## Materials provided
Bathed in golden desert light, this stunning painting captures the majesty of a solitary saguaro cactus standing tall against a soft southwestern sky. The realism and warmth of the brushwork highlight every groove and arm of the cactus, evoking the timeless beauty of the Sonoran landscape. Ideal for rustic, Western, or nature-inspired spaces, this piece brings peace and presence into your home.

==

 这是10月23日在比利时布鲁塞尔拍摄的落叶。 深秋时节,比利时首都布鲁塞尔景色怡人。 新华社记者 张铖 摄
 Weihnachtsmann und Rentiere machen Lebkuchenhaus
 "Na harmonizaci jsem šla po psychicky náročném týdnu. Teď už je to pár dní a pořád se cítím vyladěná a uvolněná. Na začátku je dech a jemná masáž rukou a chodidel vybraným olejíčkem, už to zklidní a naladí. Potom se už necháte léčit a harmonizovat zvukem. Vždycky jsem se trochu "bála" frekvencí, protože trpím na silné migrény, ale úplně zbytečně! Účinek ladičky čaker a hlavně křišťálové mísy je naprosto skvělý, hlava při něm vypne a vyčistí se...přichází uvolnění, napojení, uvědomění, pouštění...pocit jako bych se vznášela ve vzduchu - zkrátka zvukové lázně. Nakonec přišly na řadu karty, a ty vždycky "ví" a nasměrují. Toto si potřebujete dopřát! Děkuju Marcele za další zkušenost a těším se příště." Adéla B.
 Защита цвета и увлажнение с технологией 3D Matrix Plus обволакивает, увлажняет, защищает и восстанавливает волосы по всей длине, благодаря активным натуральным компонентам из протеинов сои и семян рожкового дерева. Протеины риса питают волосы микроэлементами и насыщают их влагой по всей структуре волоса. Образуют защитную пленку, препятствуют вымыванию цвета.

## Exercise aim
Each line in the entries above, starting at the line with "这是10月23日在比利时布鲁塞尔拍摄的落叶。 深秋时节,比利时首都布鲁塞尔景色怡人。 新华社记者" and ending at the line with "Weihnachtsmann und Rentiere", is to be printed exactly, and only those lines.

## Answer section
 这是10月23日在比利时布鲁塞尔拍摄的落叶。 深秋时节,比利时首都布鲁塞尔景色怡人。 新华社记者 张铖 摄
 Weihnachtsmann und Rentiere machen Lebkuchenhaus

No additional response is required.